[Opening Data to use section]
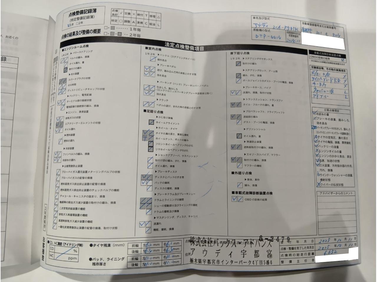 初度登録日から5年間(2回目の車検まで)、走行距離無制限でエンジンやトランスミッション、ブレーキ等の主要部品を含むほぼ全部品を無償で保証致します。有償で保証延長(2年or1年)も可能
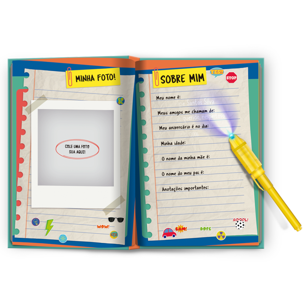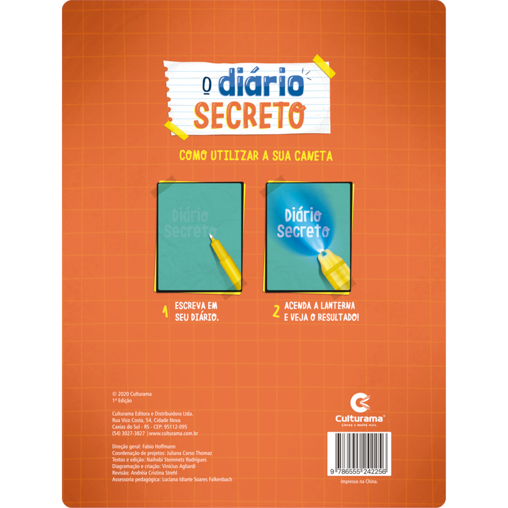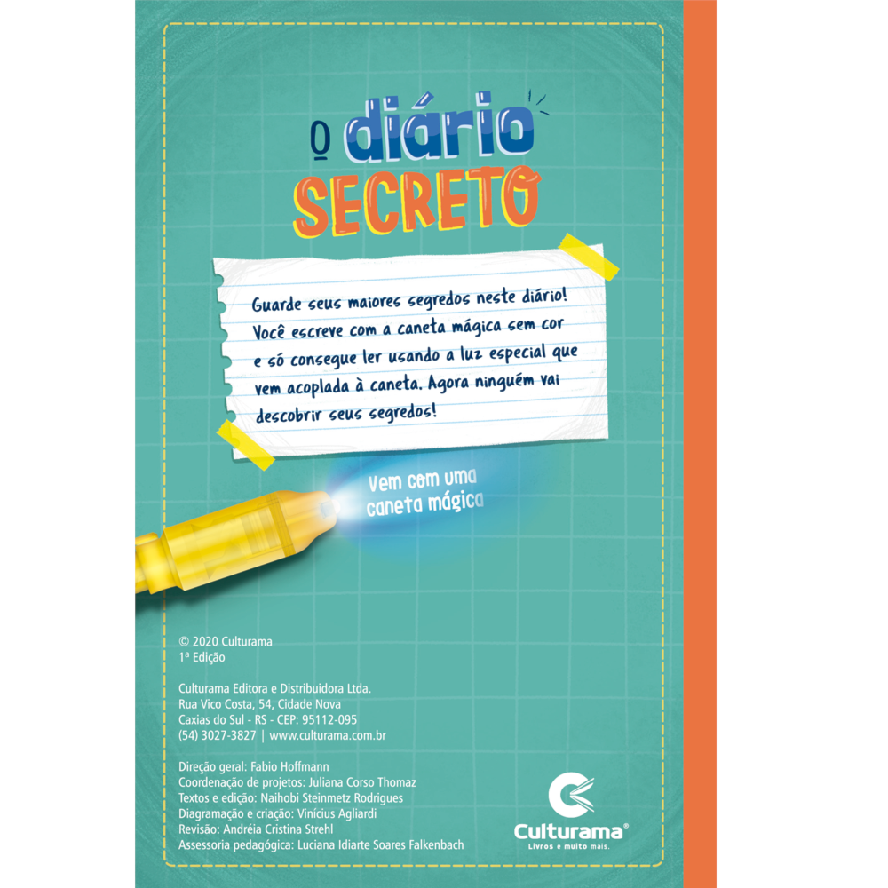 Guarde seus maiores segredos neste diário! Você escreve com a caneta mágica sem cor e só consegue ler usando a luz especial que vem acoplada à caneta. Agora ninguém vai descobrir seus segredos!
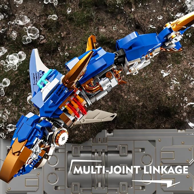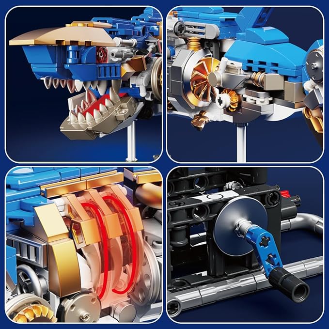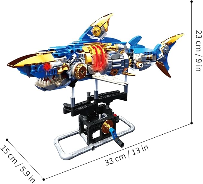 - Shark Sea Creatures Block Set (685 pieces): This marine animal block toy comes with 685 pieces, including a display stand and fluorescent lights. The clever mechanical design brings a sense of technology to the shark model!
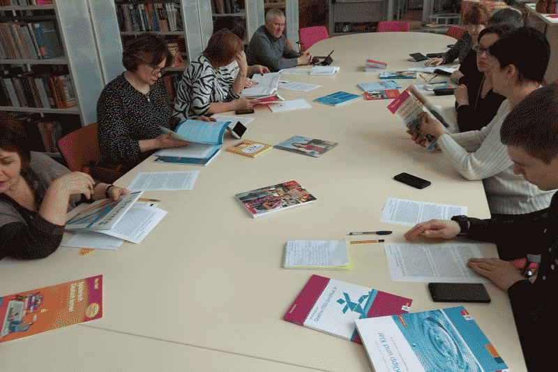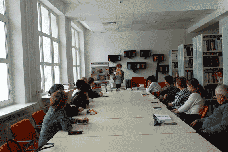 В немецко-французском читальном зале нашей библиотеки прошел День информации для учителей и преподавателей немецкого языка. Был подготовлен обзор художественной, отраслевой, методической литературы и электронных ресурсов, поступивших в библиотеку в рамках сотрудничества с Немецким культурным центром им. Гёте.
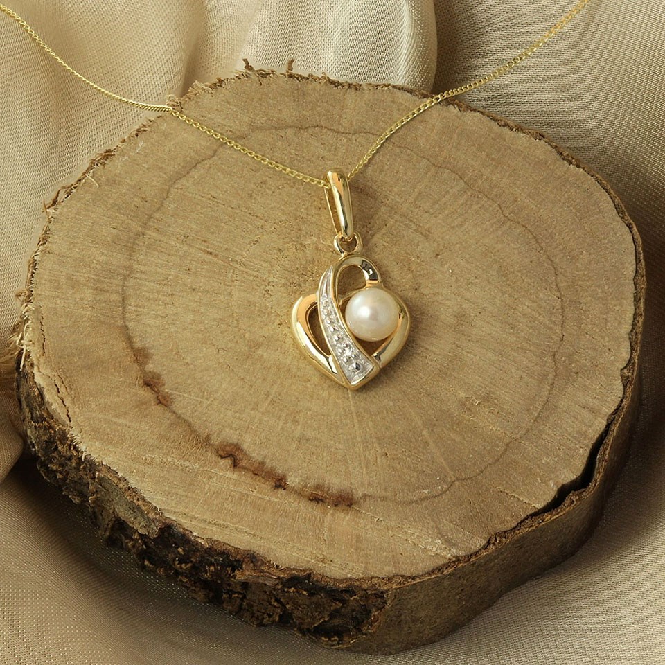 9ct Gold Two Colour Freshwater Pearl And Diamond Necklace - EXCLUSIVE - R7758
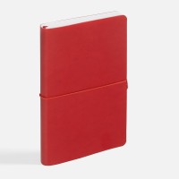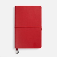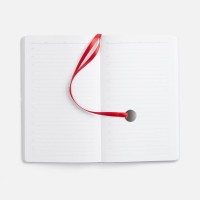 Ежедневник с гибкой обложкой, выполнен из материала Waltz, красный РР, дополнен ляссе в цвет обложки с металлическим шильдом.
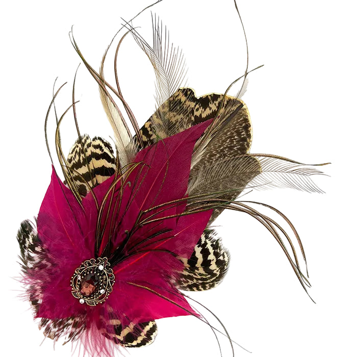 Jazz up a flat cap or any other untrimmed hat with this stylish Beetroot Pink & Natural Magnetic Feather Trim. Use as a corsage on a jacket, dress, or blouse. Mix and match feathers and centerpieces. Swap and change to different hats. Start your collection now!
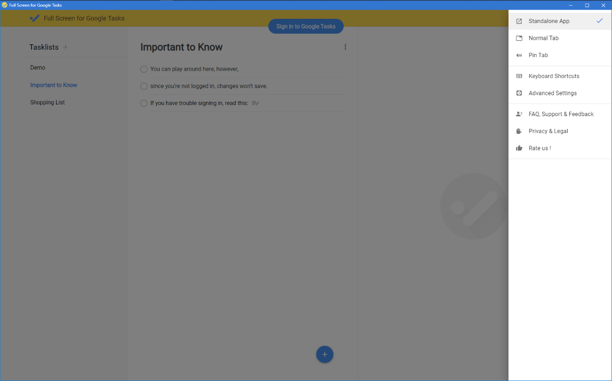 Full Screen for Google Tasks — поможет работать с Google Task в нормальном окне браузера вместо обычной панели в Google Календаре или почте.
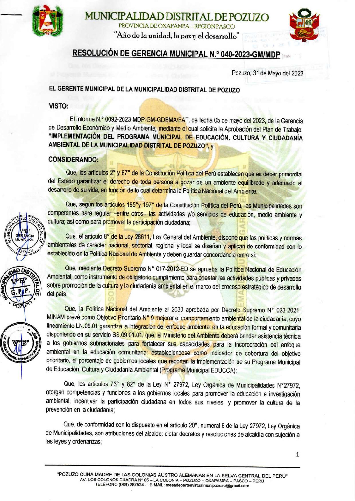 La presente Resolución de Gerencia Municipal aprueba el Plan de Trabajo 2023 del Programa Municipal de Educación, Cultura y Ciudadanía Ambiental de la Municipalidad Distrital de Pozuzo (Pasco), con la finalidad de definir las actividades de educación, cultura y ciudadanía ambiental que se desarrollaran en la localidad durante el presente año.
[Closing Data to use section]
# Instructions to follow:
Everything in the listing must be restated word for word, except for the pictures.

# Response to this exercise:
 初度登録日から5年間(2回目の車検まで)、走行距離無制限でエンジンやトランスミッション、ブレーキ等の主要部品を含むほぼ全部品を無償で保証致します。有償で保証延長(2年or1年)も可能
 Guarde seus maiores segredos neste diário! Você escreve com a caneta mágica sem cor e só consegue ler usando a luz especial que vem acoplada à caneta. Agora ninguém vai descobrir seus segredos!
 - Shark Sea Creatures Block Set (685 pieces): This marine animal block toy comes with 685 pieces, including a display stand and fluorescent lights. The clever mechanical design brings a sense of technology to the shark model!
 В немецко-французском читальном зале нашей библиотеки прошел День информации для учителей и преподавателей немецкого языка. Был подготовлен обзор художественной, отраслевой, методической литературы и электронных ресурсов, поступивших в библиотеку в рамках сотрудничества с Немецким культурным центром им. Гёте.
 9ct Gold Two Colour Freshwater Pearl And Diamond Necklace - EXCLUSIVE - R7758
 Ежедневник с гибкой обложкой, выполнен из материала Waltz, красный РР, дополнен ляссе в цвет обложки с металлическим шильдом.
 Jazz up a flat cap or any other untrimmed hat with this stylish Beetroot Pink & Natural Magnetic Feather Trim. Use as a corsage on a jacket, dress, or blouse. Mix and match feathers and centerpieces. Swap and change to different hats. Start your collection now!
 Full Screen for Google Tasks — поможет работать с Google Task в нормальном окне браузера вместо обычной панели в Google Календаре или почте.
 La presente Resolución de Gerencia Municipal aprueba el Plan de Trabajo 2023 del Programa Municipal de Educación, Cultura y Ciudadanía Ambiental de la Municipalidad Distrital de Pozuzo (Pasco), con la finalidad de definir las actividades de educación, cultura y ciudadanía ambiental que se desarrollaran en la localidad durante el presente año.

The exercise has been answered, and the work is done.